WHAT YOU HAVE TO DO:
Starting with the first line of the data below, copy each line up to and including the one containing "EL CRONISTA –". Pictures stay out.

DATA TO EXAMINE:
______
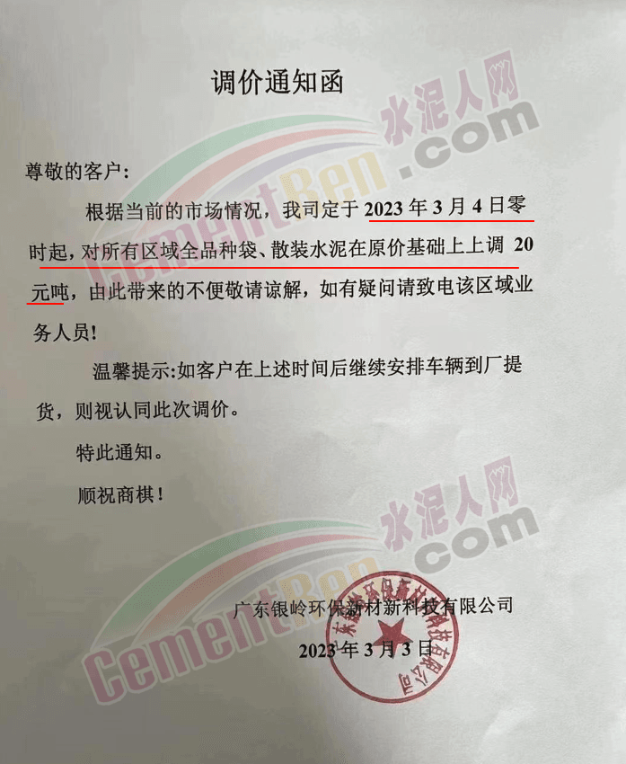 廣東銀嶺環保新材料科技有限公司通知,3月4日對全區域水泥價格上調20元/噸。
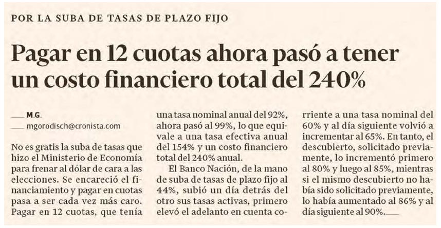 EL CRONISTA – Pagar en 12 cuotas ahora pasó a tener un costo financiero total del 240%
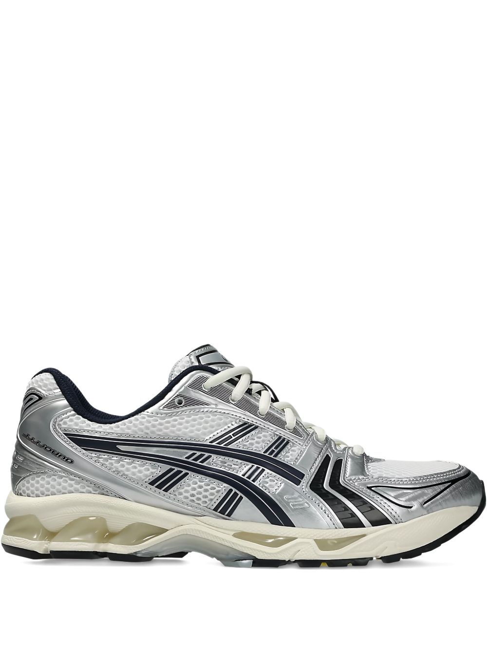 Gel-Kayano 14 "White/Midnight Navy" sneakers Highlights - White - Navy blue details - Mesh upper - Gel cushioning - Stadium goods can only accept returns of underwear in its original sealed and branded packaging unless the item is damaged or faulty upon delivery to you. Imported Composition Lining: Other fibres 100% Sole: Rubber 100% Outer: Other fibres 100%
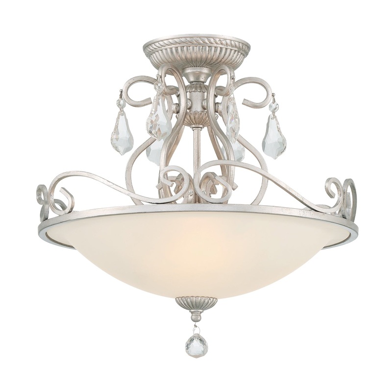 Ashton 3 Light Hand Cut Crystal Olde Silver Semi Flush Mount
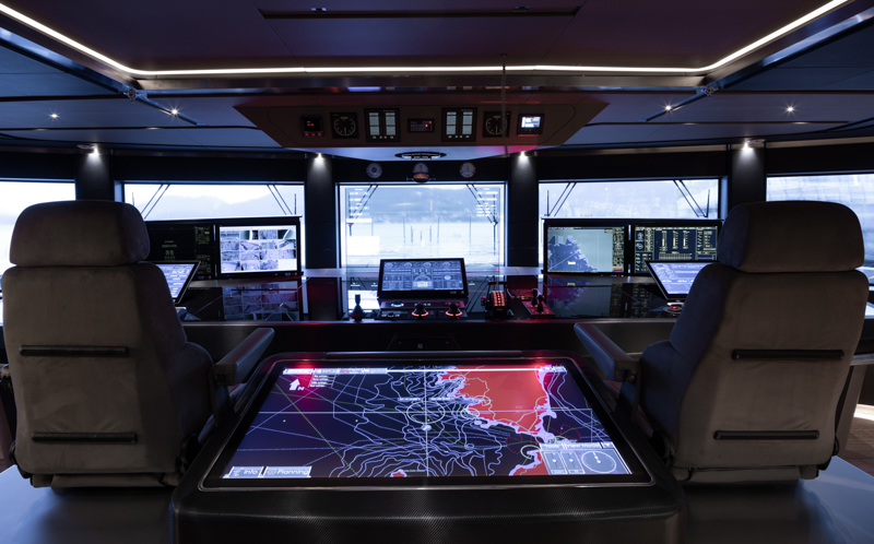As every I-Bridge® solution, it was developed and tested entirely in-house, in order to guarantee the handling of the control interfaces and a simplified management of the on-board systems. This was also achieved through integrated monitoring systems developed by Onyx Marine Automation, a TEAM Italia group company.
______
COMPLETED EXERCISE:
 廣東銀嶺環保新材料科技有限公司通知,3月4日對全區域水泥價格上調20元/噸。
 EL CRONISTA – Pagar en 12 cuotas ahora pasó a tener un costo financiero total del 240%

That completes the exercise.